Would you write out, word for word, each line of the records below from the top through the one holding "This forms an"?
● ● ● ● ● ● ●
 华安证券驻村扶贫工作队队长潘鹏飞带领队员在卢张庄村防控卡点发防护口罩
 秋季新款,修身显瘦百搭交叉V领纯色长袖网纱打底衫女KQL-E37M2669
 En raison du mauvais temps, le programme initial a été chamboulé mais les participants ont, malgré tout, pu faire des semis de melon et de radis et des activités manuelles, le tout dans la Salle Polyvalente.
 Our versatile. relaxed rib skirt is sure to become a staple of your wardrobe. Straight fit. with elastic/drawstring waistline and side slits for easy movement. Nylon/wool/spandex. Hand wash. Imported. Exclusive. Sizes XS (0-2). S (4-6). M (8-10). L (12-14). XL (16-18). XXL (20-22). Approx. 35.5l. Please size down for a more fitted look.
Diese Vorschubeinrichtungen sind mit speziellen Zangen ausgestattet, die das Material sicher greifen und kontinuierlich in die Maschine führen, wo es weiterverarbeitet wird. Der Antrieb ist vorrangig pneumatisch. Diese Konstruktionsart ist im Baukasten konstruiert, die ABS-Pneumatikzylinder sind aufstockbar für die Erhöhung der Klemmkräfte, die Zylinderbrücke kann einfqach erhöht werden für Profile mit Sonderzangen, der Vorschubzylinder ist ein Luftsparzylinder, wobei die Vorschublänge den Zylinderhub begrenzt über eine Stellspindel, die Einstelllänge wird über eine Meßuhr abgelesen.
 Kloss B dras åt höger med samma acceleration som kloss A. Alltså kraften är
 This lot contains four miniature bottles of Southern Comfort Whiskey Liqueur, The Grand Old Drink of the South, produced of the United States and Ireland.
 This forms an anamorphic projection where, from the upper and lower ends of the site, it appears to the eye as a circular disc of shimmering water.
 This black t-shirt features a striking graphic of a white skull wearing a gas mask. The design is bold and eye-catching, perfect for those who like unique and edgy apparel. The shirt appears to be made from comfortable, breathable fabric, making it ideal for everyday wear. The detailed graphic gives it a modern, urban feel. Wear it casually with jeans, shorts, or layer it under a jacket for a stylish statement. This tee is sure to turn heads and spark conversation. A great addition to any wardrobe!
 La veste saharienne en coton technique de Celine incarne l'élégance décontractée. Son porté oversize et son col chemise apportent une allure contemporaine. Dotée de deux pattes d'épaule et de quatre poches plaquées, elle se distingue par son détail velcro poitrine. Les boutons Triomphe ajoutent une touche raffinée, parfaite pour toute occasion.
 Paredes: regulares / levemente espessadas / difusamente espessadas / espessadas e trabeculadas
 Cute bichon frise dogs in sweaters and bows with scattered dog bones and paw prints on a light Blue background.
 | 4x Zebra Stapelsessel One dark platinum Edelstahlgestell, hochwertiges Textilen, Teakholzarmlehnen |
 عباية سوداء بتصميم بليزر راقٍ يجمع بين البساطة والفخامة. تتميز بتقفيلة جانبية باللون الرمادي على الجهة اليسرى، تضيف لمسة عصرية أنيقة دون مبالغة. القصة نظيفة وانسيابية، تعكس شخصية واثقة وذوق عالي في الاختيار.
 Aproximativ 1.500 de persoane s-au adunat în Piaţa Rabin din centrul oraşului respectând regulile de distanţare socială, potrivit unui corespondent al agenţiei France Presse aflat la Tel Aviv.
● ● ● ● ● ● ●
# [Answer to the exercise]
 华安证券驻村扶贫工作队队长潘鹏飞带领队员在卢张庄村防控卡点发防护口罩
 秋季新款,修身显瘦百搭交叉V领纯色长袖网纱打底衫女KQL-E37M2669
 En raison du mauvais temps, le programme initial a été chamboulé mais les participants ont, malgré tout, pu faire des semis de melon et de radis et des activités manuelles, le tout dans la Salle Polyvalente.
 Our versatile. relaxed rib skirt is sure to become a staple of your wardrobe. Straight fit. with elastic/drawstring waistline and side slits for easy movement. Nylon/wool/spandex. Hand wash. Imported. Exclusive. Sizes XS (0-2). S (4-6). M (8-10). L (12-14). XL (16-18). XXL (20-22). Approx. 35.5l. Please size down for a more fitted look.
Diese Vorschubeinrichtungen sind mit speziellen Zangen ausgestattet, die das Material sicher greifen und kontinuierlich in die Maschine führen, wo es weiterverarbeitet wird. Der Antrieb ist vorrangig pneumatisch. Diese Konstruktionsart ist im Baukasten konstruiert, die ABS-Pneumatikzylinder sind aufstockbar für die Erhöhung der Klemmkräfte, die Zylinderbrücke kann einfqach erhöht werden für Profile mit Sonderzangen, der Vorschubzylinder ist ein Luftsparzylinder, wobei die Vorschublänge den Zylinderhub begrenzt über eine Stellspindel, die Einstelllänge wird über eine Meßuhr abgelesen.
 Kloss B dras åt höger med samma acceleration som kloss A. Alltså kraften är
 This lot contains four miniature bottles of Southern Comfort Whiskey Liqueur, The Grand Old Drink of the South, produced of the United States and Ireland.
 This forms an anamorphic projection where, from the upper and lower ends of the site, it appears to the eye as a circular disc of shimmering water.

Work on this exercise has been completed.